JFrog unveils AI Catalogue to enhance secure model governance
JFrog has announced the launch of its AI Catalogue, a new extension of the JFrog Platform designed to help organisations securely discover, govern, and deploy AI and machine learning (ML) models.
The AI Catalogue is intended to support enterprises in integrating AI services across their software supply chain, providing access to open-source AI models including the NVIDIA Nemotron family. These models are made available with open weights, datasets, and usage guides to help address industry requirements for transparency and control in AI model deployment.
Governance and security
Yuval Fernbach, Vice President and CTO for JFrog ML, emphasised the growing challenges around governance and security as AI adoption accelerates across various sectors. In his statement, Fernbach said:
"One of the biggest challenges for organizations adopting AI is ensuring governance and security to deliver Trusted AI. Building on our Secure Model Registry, the new AI Catalogue provides a centralized hub to access and govern AI/ML models – whether internal, from open-source repositories like Hugging Face, or from external API providers like NVIDIA NIM and Anthropic. By integrating seamlessly with the ecosystem, the JFrog AI Catalogue gives organizations complete visibility, compliance, and control over model usage, helping them innovate faster while delivering Trusted AI in today's complex regulatory environment."
This focus on security and compliance is intended to ease operational complexity and help teams maintain a compliant workflow when introducing third-party or internally developed AI models. The Catalogue is also designed to be scalable, offering continual security scanning and evidence tracking of AI models via JFrog Xray, including model lineage visibility to support documentation efforts and audit trails.
Industry context
Recent research from Gartner has highlighted an increasing need for effective oversight and governance as data science and machine learning initiatives become more distributed within organisations. According to Gartner, "a significant challenge for data science and AI leaders is overseeing and governing the activities of dispersed DSML teams while optimizing collaboration with centralized resources. Enhanced AI governance and management capabilities, linked across data sources and other assets, are now must-have capabilities."

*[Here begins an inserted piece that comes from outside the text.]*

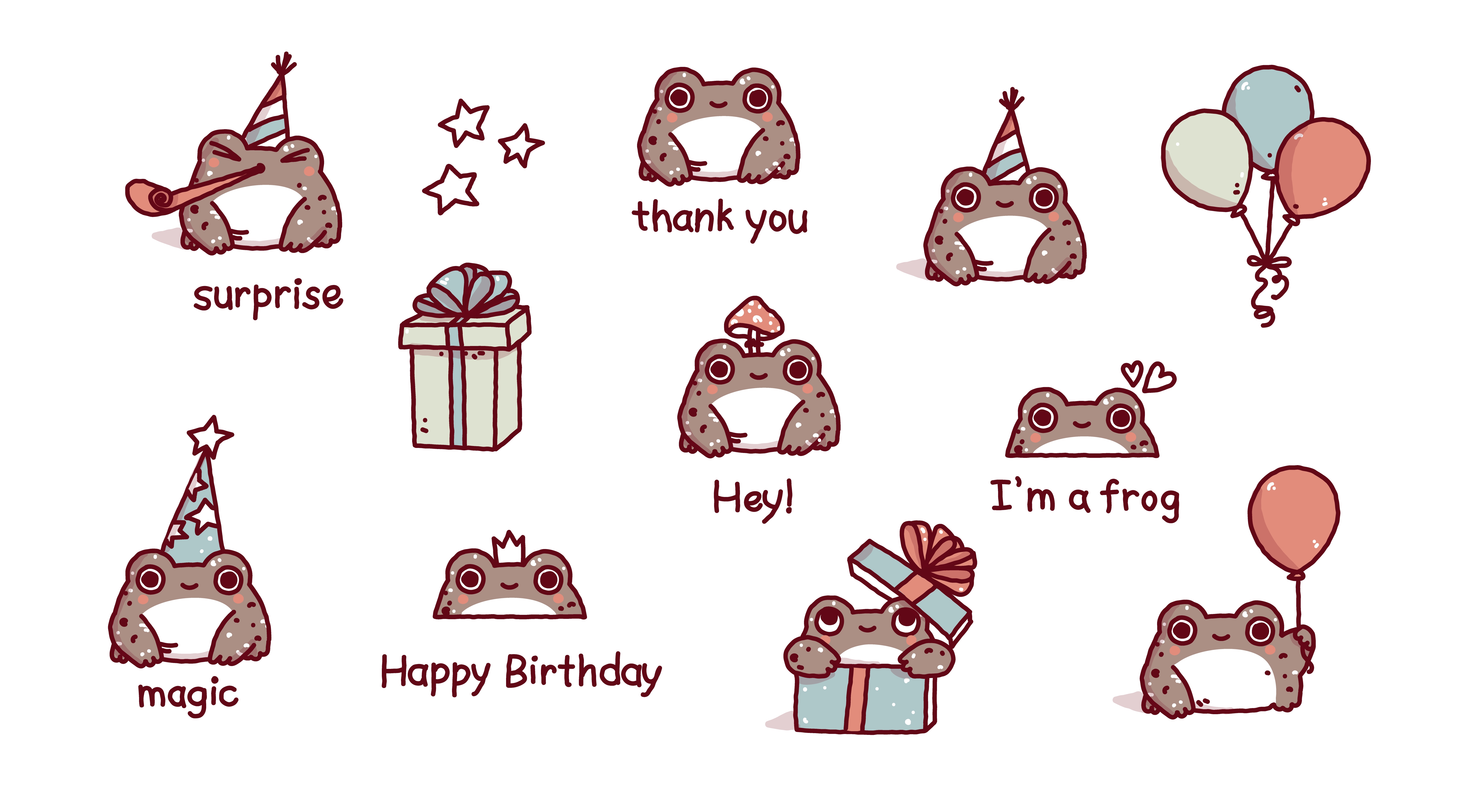 Забавные жабки стикеры для праздника
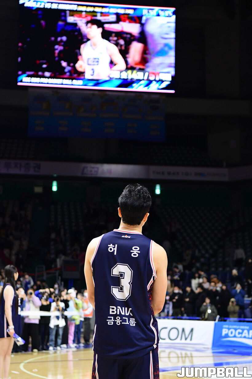 51점의 주인공 허웅(KCC)이 14일 부산사직체육관에서 열린 대구 한국가스공사와 경기에서 KBL이 마련한 기념상 시상을 통해 다시 한번 조명받았다. 그가 51점을 작성한 이후 처음 치르는 홈경기이기도 했다.

In response, JFrog's AI Catalogue positions itself as a central repository where organisations can locate and manage a variety of AI assets, including models and data sets, with policies and permission controls enforceable on a project-by-project basis.
Capabilities of the AI Catalogue
Key features of the JFrog AI Catalogue include end-to-end model governance, where organisations can track usage and manage access with detailed controls; continuous security integration for ongoing compliance; searchable discoverability via tags and metadata; and the ability to build specialised AI agents. The platform also offers one-click deployment capabilities, whether to the user's own infrastructure or via external AI model providers such as OpenAI and Anthropic.
The Catalogue's integration with open ecosystems covers models from both public repositories and commercial providers, aiming to make it easier for teams to discover secure, production-ready models and deploy them with full visibility.
On the enterprise adoption front, Adel El Hallak, Senior Director of Product at NVIDIA, commented:
"Enterprises face increasing demands for secure, transparent AI model management to maintain compliance and accelerate innovation. By providing direct access to NVIDIA Nemotron models and NIM microservices, within the JFrog AI Catalogue, organizations can deploy and govern open-source AI solutions with greater visibility and control, supporting secure, sovereign AI initiatives across their workflows."
Integration and deployment
The AI Catalogue supports direct integration with external APIs from providers such as AWS, Google, OpenAI, and Anthropic, as well as deployment of containerised models internally. This is designed to simplify the path from AI model discovery to operational deployment while keeping track of usage patterns and compliance requirements.
Teams can now access and manage a wide selection of curated AI models and datasets, improve collaboration between developers and data scientists, and enforce security standards through integrated scanning and tracking features. The ability to centrally govern model access also addresses the need for strong policy enforcement across diverse projects and teams.
The JFrog AI Catalogue is available immediately for users of JFrog Curation, supporting the management of both traditional and AI artefacts.